[Start of Attachment]

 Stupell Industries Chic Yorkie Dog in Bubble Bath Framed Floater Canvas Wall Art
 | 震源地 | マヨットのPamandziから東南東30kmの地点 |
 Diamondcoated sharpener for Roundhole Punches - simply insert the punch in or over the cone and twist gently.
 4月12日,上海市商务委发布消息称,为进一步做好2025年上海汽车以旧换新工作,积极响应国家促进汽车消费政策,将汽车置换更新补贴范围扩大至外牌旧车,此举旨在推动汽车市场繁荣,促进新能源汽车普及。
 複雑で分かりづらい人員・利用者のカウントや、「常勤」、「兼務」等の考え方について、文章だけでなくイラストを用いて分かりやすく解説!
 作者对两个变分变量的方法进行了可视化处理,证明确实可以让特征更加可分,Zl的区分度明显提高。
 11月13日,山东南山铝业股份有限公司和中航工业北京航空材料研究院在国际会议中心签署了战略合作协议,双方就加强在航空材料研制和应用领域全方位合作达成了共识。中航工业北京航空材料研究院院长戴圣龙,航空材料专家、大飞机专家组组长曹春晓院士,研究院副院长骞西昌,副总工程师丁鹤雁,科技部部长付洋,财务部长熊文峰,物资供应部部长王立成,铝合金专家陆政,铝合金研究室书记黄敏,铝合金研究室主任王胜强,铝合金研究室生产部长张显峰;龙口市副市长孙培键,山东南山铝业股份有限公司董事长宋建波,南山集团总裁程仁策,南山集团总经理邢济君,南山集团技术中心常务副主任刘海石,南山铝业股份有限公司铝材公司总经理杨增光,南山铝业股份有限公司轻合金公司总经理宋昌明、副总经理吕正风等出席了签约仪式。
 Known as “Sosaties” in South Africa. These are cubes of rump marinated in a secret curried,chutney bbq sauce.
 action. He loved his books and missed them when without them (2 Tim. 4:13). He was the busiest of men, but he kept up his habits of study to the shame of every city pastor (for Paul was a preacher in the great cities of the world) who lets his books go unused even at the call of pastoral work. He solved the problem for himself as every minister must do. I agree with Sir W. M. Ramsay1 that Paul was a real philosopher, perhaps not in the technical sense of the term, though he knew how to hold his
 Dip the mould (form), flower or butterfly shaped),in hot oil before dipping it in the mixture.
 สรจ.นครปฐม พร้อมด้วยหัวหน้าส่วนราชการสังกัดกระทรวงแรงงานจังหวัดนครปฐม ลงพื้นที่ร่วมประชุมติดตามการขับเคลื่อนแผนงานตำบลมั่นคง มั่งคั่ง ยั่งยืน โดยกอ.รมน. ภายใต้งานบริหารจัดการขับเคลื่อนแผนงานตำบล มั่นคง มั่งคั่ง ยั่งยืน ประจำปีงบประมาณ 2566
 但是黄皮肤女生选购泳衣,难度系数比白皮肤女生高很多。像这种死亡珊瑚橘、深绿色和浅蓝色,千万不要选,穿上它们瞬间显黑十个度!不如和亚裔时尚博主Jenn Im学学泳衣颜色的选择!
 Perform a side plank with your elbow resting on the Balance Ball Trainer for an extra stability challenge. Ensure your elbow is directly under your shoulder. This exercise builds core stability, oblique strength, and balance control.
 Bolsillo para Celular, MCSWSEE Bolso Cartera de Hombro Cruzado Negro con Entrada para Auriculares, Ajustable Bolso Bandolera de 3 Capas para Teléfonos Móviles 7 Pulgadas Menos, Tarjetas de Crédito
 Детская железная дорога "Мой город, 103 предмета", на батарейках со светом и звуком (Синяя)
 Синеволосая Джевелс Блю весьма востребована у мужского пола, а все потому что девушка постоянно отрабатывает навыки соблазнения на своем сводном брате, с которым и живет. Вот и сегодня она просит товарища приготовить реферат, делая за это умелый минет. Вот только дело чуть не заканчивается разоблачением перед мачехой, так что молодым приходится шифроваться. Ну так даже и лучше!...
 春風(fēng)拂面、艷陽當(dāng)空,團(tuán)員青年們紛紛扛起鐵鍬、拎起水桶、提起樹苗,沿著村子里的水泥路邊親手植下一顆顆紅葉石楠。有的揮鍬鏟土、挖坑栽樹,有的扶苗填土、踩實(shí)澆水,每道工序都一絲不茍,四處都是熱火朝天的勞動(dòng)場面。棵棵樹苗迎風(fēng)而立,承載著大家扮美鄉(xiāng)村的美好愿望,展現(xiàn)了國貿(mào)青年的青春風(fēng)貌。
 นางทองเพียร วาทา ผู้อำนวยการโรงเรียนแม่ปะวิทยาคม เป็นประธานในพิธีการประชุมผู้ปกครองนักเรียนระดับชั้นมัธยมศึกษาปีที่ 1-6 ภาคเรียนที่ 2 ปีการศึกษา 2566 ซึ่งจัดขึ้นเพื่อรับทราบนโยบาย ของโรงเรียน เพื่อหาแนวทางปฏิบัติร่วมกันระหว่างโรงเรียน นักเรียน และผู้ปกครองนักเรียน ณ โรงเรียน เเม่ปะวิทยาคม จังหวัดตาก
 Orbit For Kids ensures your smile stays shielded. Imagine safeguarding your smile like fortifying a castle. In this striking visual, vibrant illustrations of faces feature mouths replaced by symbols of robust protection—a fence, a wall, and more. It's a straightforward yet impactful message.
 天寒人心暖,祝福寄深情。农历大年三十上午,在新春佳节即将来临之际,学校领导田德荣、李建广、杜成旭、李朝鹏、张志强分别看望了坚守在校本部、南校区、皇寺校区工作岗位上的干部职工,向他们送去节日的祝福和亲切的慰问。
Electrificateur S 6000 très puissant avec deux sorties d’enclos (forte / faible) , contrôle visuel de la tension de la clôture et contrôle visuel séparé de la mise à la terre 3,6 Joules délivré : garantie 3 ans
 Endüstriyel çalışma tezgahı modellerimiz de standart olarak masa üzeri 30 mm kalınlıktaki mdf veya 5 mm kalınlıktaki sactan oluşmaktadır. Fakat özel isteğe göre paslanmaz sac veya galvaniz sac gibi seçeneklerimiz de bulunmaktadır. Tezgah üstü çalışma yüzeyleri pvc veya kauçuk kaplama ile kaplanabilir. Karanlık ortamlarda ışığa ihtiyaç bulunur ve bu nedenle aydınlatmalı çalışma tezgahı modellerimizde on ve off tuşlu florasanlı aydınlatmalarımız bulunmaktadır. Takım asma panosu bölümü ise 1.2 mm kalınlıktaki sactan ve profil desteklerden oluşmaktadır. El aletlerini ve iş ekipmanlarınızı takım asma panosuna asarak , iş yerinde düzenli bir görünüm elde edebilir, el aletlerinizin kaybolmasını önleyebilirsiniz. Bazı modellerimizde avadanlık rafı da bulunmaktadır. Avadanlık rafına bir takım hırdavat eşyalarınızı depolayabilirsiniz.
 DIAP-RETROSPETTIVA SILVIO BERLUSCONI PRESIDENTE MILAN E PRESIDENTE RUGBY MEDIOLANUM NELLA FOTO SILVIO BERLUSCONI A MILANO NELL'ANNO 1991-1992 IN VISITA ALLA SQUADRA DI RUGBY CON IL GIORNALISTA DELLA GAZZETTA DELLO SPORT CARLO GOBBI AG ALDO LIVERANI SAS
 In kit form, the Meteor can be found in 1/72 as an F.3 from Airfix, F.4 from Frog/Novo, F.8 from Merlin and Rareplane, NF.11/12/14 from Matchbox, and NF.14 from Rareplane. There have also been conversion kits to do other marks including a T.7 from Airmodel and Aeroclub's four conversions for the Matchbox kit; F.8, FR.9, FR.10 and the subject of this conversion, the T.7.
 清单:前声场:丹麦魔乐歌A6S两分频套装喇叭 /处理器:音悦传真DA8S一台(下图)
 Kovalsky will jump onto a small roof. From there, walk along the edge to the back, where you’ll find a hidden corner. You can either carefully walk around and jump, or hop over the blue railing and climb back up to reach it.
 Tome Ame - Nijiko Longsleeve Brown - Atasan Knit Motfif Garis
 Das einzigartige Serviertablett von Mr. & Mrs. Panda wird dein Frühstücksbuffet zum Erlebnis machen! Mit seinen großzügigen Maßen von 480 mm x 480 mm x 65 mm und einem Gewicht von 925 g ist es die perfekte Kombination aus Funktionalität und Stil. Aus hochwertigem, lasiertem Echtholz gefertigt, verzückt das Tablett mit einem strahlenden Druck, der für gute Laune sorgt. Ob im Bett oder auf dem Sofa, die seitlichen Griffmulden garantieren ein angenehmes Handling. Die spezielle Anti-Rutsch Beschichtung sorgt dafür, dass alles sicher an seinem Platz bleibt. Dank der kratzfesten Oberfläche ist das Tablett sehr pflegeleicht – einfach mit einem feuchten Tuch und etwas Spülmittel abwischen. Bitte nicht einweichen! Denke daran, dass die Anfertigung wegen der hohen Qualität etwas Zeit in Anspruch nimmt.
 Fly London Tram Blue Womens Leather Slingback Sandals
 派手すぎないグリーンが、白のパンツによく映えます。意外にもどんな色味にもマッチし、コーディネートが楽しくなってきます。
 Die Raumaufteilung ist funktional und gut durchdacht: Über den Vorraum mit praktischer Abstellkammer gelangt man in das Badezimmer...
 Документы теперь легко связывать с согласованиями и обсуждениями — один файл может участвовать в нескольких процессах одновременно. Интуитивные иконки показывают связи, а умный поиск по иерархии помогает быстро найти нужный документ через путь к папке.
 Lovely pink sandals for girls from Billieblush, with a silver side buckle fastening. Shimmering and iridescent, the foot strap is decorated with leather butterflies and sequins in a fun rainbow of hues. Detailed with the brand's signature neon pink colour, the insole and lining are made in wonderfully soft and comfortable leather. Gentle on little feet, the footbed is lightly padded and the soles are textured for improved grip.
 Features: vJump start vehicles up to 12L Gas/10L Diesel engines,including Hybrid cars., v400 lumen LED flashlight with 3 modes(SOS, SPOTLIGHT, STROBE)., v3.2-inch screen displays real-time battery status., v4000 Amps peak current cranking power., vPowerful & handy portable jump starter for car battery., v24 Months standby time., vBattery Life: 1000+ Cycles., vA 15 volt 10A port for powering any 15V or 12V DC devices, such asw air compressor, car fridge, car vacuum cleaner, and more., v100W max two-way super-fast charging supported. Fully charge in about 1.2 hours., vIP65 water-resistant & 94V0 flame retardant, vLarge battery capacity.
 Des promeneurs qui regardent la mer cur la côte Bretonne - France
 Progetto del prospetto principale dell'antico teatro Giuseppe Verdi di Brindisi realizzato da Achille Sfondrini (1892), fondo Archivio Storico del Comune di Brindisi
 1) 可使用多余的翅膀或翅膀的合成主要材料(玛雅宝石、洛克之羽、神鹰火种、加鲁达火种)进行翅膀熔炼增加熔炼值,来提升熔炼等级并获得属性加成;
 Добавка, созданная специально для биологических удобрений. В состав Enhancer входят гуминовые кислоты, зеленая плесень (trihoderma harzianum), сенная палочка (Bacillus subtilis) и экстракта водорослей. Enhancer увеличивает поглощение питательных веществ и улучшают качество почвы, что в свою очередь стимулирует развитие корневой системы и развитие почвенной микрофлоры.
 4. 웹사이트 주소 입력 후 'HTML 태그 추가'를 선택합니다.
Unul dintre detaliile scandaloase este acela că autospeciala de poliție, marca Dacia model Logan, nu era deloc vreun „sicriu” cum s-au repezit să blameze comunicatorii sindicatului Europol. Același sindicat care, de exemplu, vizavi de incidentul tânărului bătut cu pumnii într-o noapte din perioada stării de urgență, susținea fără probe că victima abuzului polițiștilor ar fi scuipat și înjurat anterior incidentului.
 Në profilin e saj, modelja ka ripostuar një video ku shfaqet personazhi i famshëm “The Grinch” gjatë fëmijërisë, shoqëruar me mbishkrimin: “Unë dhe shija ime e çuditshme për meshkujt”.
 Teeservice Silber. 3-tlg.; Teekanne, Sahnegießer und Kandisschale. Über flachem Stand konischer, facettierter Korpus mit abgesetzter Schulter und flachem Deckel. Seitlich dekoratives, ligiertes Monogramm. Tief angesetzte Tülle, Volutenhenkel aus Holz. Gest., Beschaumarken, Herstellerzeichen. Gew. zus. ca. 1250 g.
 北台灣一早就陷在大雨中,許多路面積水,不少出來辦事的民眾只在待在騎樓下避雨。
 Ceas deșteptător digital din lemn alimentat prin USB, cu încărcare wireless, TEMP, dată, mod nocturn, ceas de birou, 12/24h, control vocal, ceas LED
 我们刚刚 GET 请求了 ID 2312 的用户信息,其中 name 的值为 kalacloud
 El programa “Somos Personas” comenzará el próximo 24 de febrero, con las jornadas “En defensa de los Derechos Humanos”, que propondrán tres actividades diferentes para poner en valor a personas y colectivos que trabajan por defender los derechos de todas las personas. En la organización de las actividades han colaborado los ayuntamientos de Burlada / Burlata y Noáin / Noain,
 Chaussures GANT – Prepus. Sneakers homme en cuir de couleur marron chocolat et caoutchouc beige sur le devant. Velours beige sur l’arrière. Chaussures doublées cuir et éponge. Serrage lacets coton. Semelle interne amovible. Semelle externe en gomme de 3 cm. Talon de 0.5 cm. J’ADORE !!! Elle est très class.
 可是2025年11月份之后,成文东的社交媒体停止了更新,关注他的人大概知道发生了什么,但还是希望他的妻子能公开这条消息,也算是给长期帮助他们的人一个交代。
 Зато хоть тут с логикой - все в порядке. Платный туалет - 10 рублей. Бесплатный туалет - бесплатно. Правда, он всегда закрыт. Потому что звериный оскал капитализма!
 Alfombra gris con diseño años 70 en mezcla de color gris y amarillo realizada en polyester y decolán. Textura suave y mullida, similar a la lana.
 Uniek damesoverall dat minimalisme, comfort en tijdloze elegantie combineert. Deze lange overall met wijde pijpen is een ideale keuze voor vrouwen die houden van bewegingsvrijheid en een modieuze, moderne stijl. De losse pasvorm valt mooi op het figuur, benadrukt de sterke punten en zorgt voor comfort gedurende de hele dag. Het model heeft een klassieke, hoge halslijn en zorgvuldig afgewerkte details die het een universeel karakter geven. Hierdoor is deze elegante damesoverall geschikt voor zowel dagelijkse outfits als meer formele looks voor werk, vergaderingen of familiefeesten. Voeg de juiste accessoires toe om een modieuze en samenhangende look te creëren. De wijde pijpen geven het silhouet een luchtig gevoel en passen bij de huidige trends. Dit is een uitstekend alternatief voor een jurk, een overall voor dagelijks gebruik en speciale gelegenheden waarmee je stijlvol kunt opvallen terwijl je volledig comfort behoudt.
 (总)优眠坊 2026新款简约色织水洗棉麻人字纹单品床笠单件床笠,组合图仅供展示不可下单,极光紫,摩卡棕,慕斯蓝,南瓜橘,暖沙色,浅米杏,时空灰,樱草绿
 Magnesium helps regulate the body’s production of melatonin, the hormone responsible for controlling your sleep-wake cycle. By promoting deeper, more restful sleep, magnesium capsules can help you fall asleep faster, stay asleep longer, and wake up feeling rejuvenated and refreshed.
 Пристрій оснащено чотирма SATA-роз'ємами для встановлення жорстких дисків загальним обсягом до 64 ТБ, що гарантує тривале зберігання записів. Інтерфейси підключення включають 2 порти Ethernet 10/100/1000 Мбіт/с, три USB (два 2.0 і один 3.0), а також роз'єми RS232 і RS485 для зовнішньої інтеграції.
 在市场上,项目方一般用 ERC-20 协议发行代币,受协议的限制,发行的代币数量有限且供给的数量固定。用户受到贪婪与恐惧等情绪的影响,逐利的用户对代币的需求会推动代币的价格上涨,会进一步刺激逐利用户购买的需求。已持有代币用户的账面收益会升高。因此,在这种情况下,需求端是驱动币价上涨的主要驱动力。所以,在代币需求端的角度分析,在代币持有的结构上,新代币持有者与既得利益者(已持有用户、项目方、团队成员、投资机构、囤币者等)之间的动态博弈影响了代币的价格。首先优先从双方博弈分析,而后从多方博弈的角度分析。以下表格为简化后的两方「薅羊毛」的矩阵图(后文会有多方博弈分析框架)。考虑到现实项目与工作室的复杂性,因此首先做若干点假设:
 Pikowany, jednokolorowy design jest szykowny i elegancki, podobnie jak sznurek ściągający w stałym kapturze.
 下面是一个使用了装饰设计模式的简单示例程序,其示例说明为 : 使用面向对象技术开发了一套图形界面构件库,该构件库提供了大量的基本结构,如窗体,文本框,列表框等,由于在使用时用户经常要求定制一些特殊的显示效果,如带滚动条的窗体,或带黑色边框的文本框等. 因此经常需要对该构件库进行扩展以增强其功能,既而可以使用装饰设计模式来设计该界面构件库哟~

[End of Attachment]

> [Required action]: In the data above, find each line that has the word "Über" and copy it out.

> [Answer section]:
 Die Raumaufteilung ist funktional und gut durchdacht: Über den Vorraum mit praktischer Abstellkammer gelangt man in das Badezimmer...
 Teeservice Silber. 3-tlg.; Teekanne, Sahnegießer und Kandisschale. Über flachem Stand konischer, facettierter Korpus mit abgesetzter Schulter und flachem Deckel. Seitlich dekoratives, ligiertes Monogramm. Tief angesetzte Tülle, Volutenhenkel aus Holz. Gest., Beschaumarken, Herstellerzeichen. Gew. zus. ca. 1250 g.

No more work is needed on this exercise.